To do:
Every record is to be duplicated exactly as it reads, without its images.

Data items
_ _ _ _ _ _ _

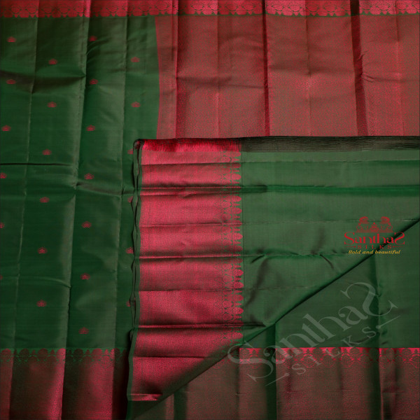 DARK GREEN COLOUR BODY WITH RANI PINK COLOUR ZARI BUTTAS AND SELF COLOUR PALLU & BLOUSE
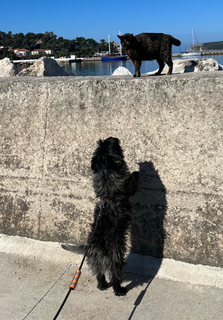 Det blåste envetet rakt i käften på oss och gick ganska hög sjö, så vi hade ingen lust att kryssa. Det blev motorgång i hög sjö runt fastlands-Europas näst sydligaste udde (Gibraltar är #1) till en liten by, Porto Kagio, där vi var enda båten i viken, även här för ankar då den lokala kajen är för grund för oss. Promenad iland med Buster och middag på den lokala restaurangen, för en gångs skull ganska snåla portioner.
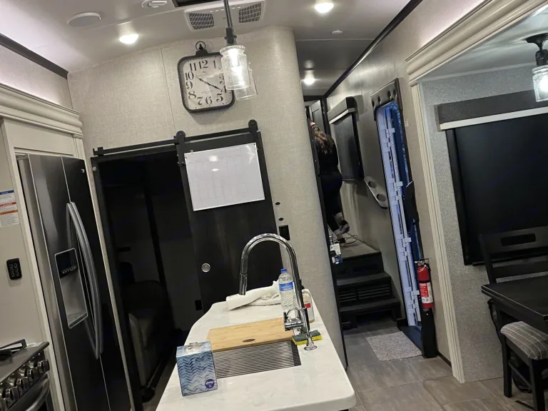 This fifth wheel worked perfect for 4 adults and 1 kid to sleep and roomy enough to make a meal for a group of 15. No issues with drop off or pick up. It could use a good deep cleaning and dusting, but the fridge, stove, and pantry were very clean. It was a great experience throughout.
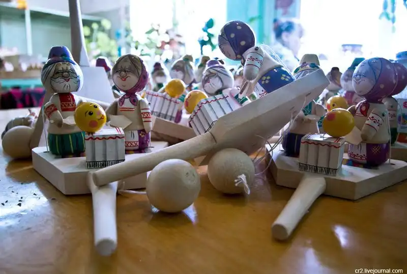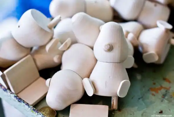 Изготавливают деревянную игрушку из просушенной за 3-5 лет липы. Это мягкое дерево хорошо подходит для резки:
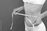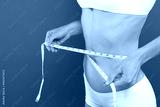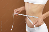 Slim woman measuring waist with tape on brown background, closeup and space for text. Weight loss

_ _ _ _ _ _ _

Exercise result:
 DARK GREEN COLOUR BODY WITH RANI PINK COLOUR ZARI BUTTAS AND SELF COLOUR PALLU & BLOUSE
 Det blåste envetet rakt i käften på oss och gick ganska hög sjö, så vi hade ingen lust att kryssa. Det blev motorgång i hög sjö runt fastlands-Europas näst sydligaste udde (Gibraltar är #1) till en liten by, Porto Kagio, där vi var enda båten i viken, även här för ankar då den lokala kajen är för grund för oss. Promenad iland med Buster och middag på den lokala restaurangen, för en gångs skull ganska snåla portioner.
 This fifth wheel worked perfect for 4 adults and 1 kid to sleep and roomy enough to make a meal for a group of 15. No issues with drop off or pick up. It could use a good deep cleaning and dusting, but the fridge, stove, and pantry were very clean. It was a great experience throughout.
 Изготавливают деревянную игрушку из просушенной за 3-5 лет липы. Это мягкое дерево хорошо подходит для резки:
 Slim woman measuring waist with tape on brown background, closeup and space for text. Weight loss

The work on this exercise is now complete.